Despite the reopening of attractions in the resort, such as the renowned Blackpool Tower and “The Pleasure Beach,” there is no guarantee that people will choose to visit in the same
volume they once did. The tourist board is now offering virtual tours of the main attractions to maintain momentum in the growing interest over recent years. Additionally, a holiday voucher scheme provided by the government would also encourage visitors to bring in critical trade by subsidizing holidays within England. A reduction in tax on alcohol or suspension of the 20% VAT on food would make holidaying within England much more affordable, encouraging larger audiences to visit coastal resorts such as Blackpool. Combined, these changes could help reduce the initial slump in revenue experienced within the immediate period post-COVID and could be the much-needed lifeline to many in the world of hospitality.
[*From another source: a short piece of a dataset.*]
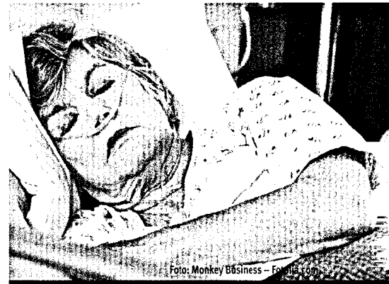
Die intermittierende Hypoxämie wirkt sich gerade bei älteren Menschen sehr ungünstig auf die Hirnleistung aus. Hinweise zu Pathophysiologie, Prävalenz und Relevanz ab Seite 29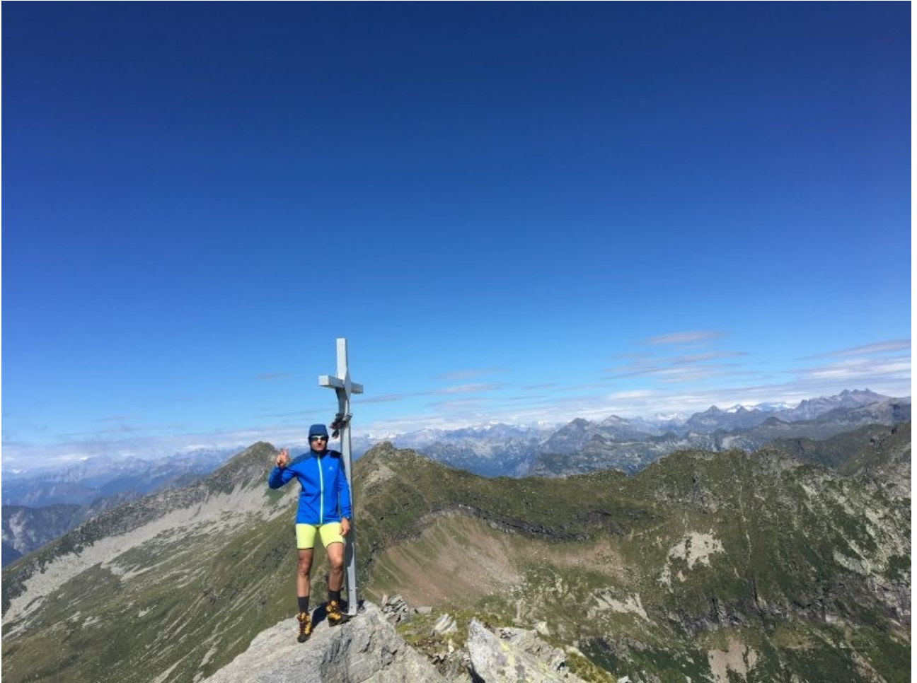
om in vetta

It is feared that such an economic slump could prove fatal for destinations in the north of England due to the current southern focused budgeting employed by the government. Between 2009-10 and 2018-19, public spending in the north of England saw a reduction of £3.6 billion sharply contrasting an increase of £5.1 billion in the south over the same period. Furthermore, in just the previous five years, the number of jobs paying less than the living wage rose by 11% in the north while the average weekly pay increased by £12 compared to a national average of £19. In a time where we all must unite to overcome a pandemic, a similar approach must also be applied throughout the global and national economy to allow all areas to have the same chance of survival. An equal approach to public spending and resources must be used, or the more deprived areas will simply be unable to cope with the growing financial pressure caused by the virus and to prevent business survival, becoming merely a postcode lottery.